Prove that $EQ_{\mathsf{DFA}}$ is decidable by testing the two DFAs on all strings up to a certain size. Calculate a size that works.

Here is the answer:

For any DFAs $A$ and $B$, $L(A) = L(B)$ if and only if $A$ and $B$ accept the same strings up to length $mn$, where $m$ and $n$ are the numbers of states of $A$ and $B$, respectively. Obviously, if $L(A) = L(B)$, $A$ and $B$ will accept the same strings. If $L(A) \neq L(B)$, we need to show that the languages differ on some string $s$ of length at most $mn.$ Let $t$ be a shortest string on which the languages differ. Let $l$ be the length of $t$. If $l \leq mn$ we are done. If not, consider the sequence of states $q_0,q_1,\dots,q_l$ that $A$ enters on input $t$, and the sequences of states $r_0,r_1,\dots,r_l$ that $B$ enters on input $t$. Because $A$ has $m$ states and $B$ has $n$ states, only $mn$ distinct pairs $(q,r)$ exist, where $q$ is a state of $A$ and $r$ is a state of $B$. By the pigeon hole principle, two pairs of states $(q_i,r_i)$ and $(q_j,r_j)$ must be identical.
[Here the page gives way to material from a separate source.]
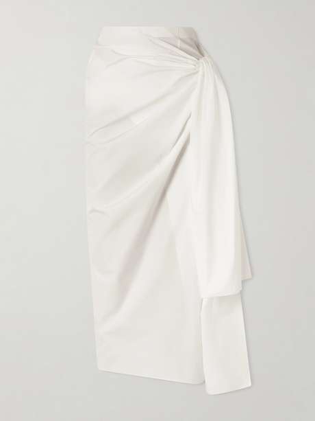 KHAITE Shay tie-detailed draped cotton-poplin wrap midi skirt

If we remove the portion of $t$ from $i$ to $j-1$, we obtain a shorter string on which $A$ and $B$ behave as they would on $t$. Hence we have found a shorter string on which the two languages differ, even though $t$ was supposed to be shortest. Hence $t$ must be no longer than $mn$.

Unfortunately, I do not understand the sequence of steps in the answer. Could anyone explain the answer for me in a simpler way?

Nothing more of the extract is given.